The threat landscape continues to evolve rapidly and staying ahead of actively exploited vulnerabilities is key to effective cybersecurity defense. On September 28, 2025, the Cybersecurity and Infrastructure Security Agency (CISA) added five high-risk vulnerabilities to its Known Exploited Vulnerabilities (KEV) Catalog, signaling urgent action for IT teams, SOC analysts, and vulnerability managers across sectors.
CVE-2021-21311: Adminer SSRF Vulnerability
Adminer is an open-source database management tool often deployed in web environments. This vulnerability is a server-side request forgery (SSRF) affecting versions from 4.0.0 to 4.7.8, especially those using the bundled adminer.php file. Attackers can exploit this flaw by tricking Adminer into issuing HTTP requests to internal resources. Successful SSRF attacks may allow reading internal files or sensitive data from backend services, posing a risk of data breaches or lateral movement. The issue is mitigated by updating to Adminer 4.7.9 or using single-driver versions.

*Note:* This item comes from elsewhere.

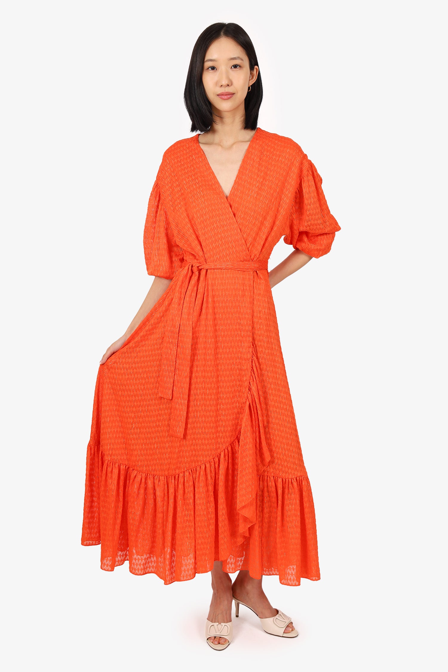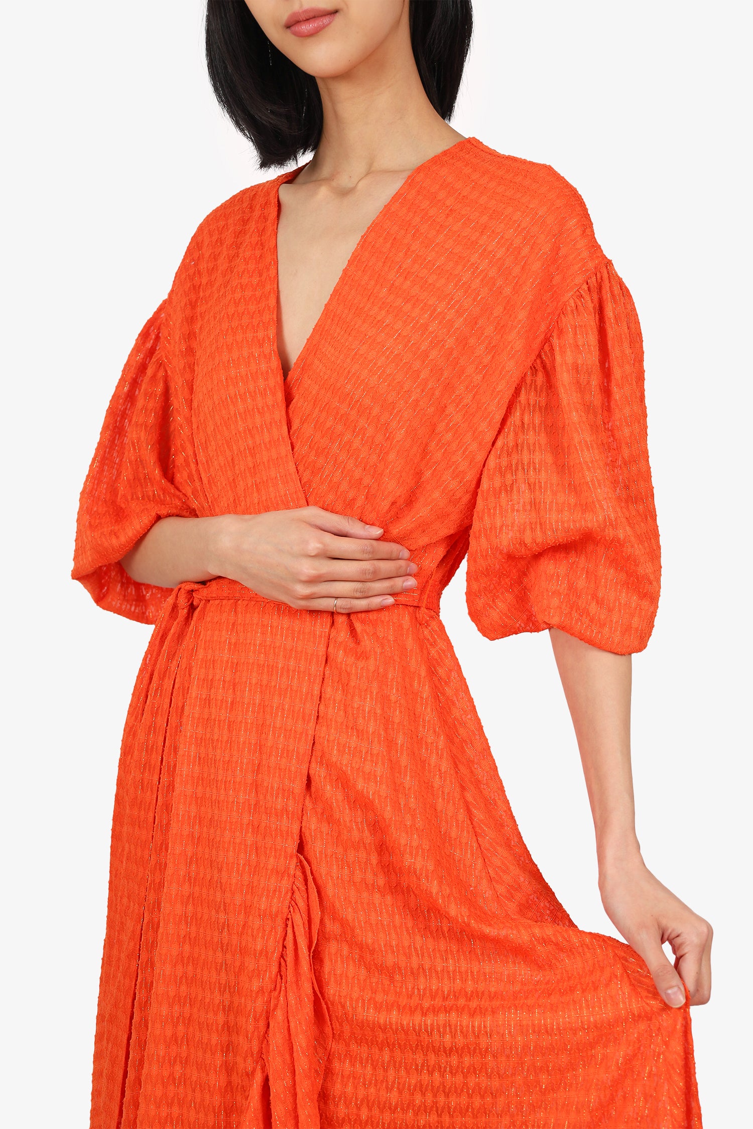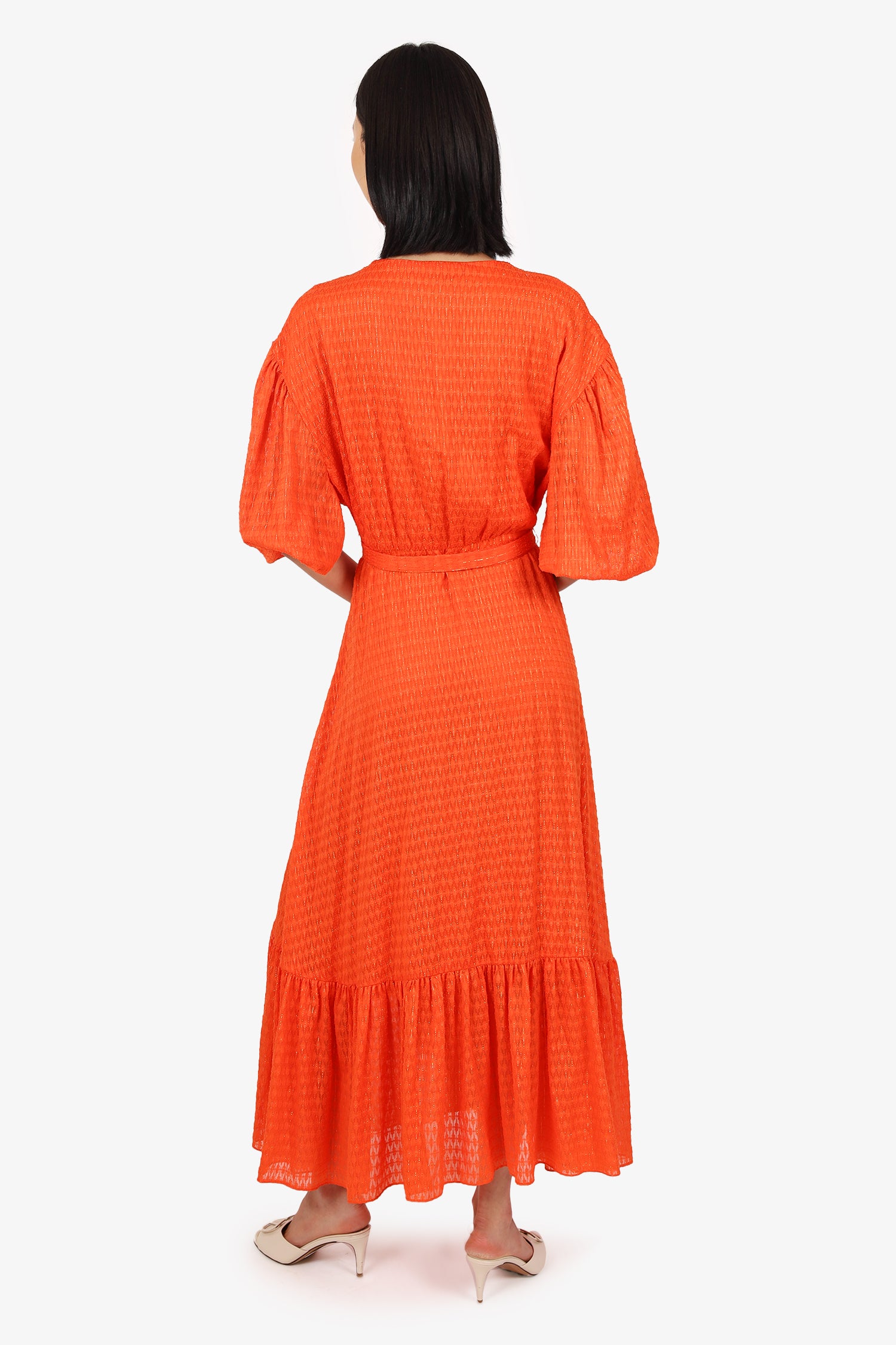 Refresh availabilityMaje Orange Glittery Wrap Ruffled Maxi Dress. V-neckline. Wrap design with removable tie-up closure at waistline. Additional button-up closure at waistline. Elasticated sleeve cuffs. Tonal stitching.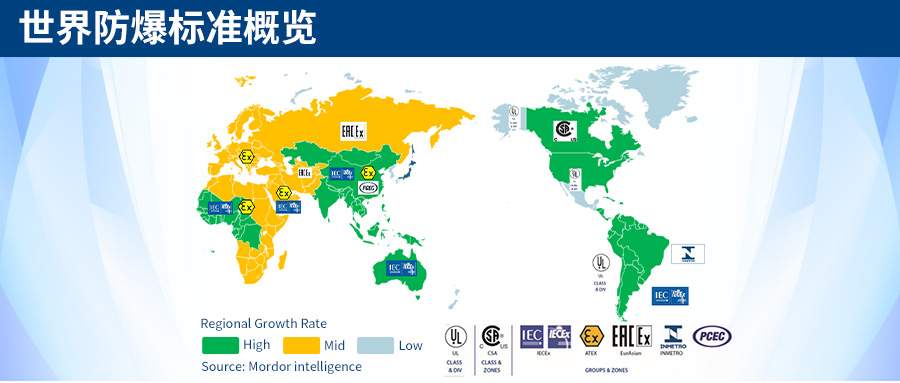 面對(duì)日益嚴(yán)峻的安全形勢(shì),“防爆”已從技術(shù)規(guī)范上升為剛性法律法規(guī)。各國基于工業(yè)特點(diǎn)建立了相應(yīng)體系,如歐盟ATEX、國際IECEx、美國UL標(biāo)準(zhǔn)及中國GB 3836系列等,均對(duì)危險(xiǎn)區(qū)域設(shè)備的設(shè)計(jì)、制造與使用提出嚴(yán)格規(guī)定。 在全球能源轉(zhuǎn)型與安全標(biāo)準(zhǔn)提升的推動(dòng)下,高效可靠的防爆技術(shù)需求持續(xù)增長(zhǎng)。市場(chǎng)研究顯示,2020至2025年全球防爆設(shè)備年復(fù)合增長(zhǎng)率預(yù)計(jì)達(dá)5%-7%,部分細(xì)分領(lǐng)域甚至超過10%。預(yù)計(jì)到2028年,該市場(chǎng)年復(fù)合增長(zhǎng)率將達(dá)25.87%,規(guī)模突破100億美元。

CVE-2025-20352: Cisco IOS/IOS XE Buffer Overflow
This vulnerability is a stack-based buffer overflow in the SNMP subsystem of Cisco IOS and IOS XE. Exploitation involves sending specially crafted SNMP packets over IPv4 or IPv6 to devices with SNMP enabled. Attackers can trigger denial-of-service (DoS), or—if possessing higher privileged SNMP credentials—achieve remote code execution and total compromise of network hardware. Both Meraki and Catalyst switches are impacted. Cisco urges swift patching and recommends restricting SNMP access to trusted sources while monitoring actively for exploitation.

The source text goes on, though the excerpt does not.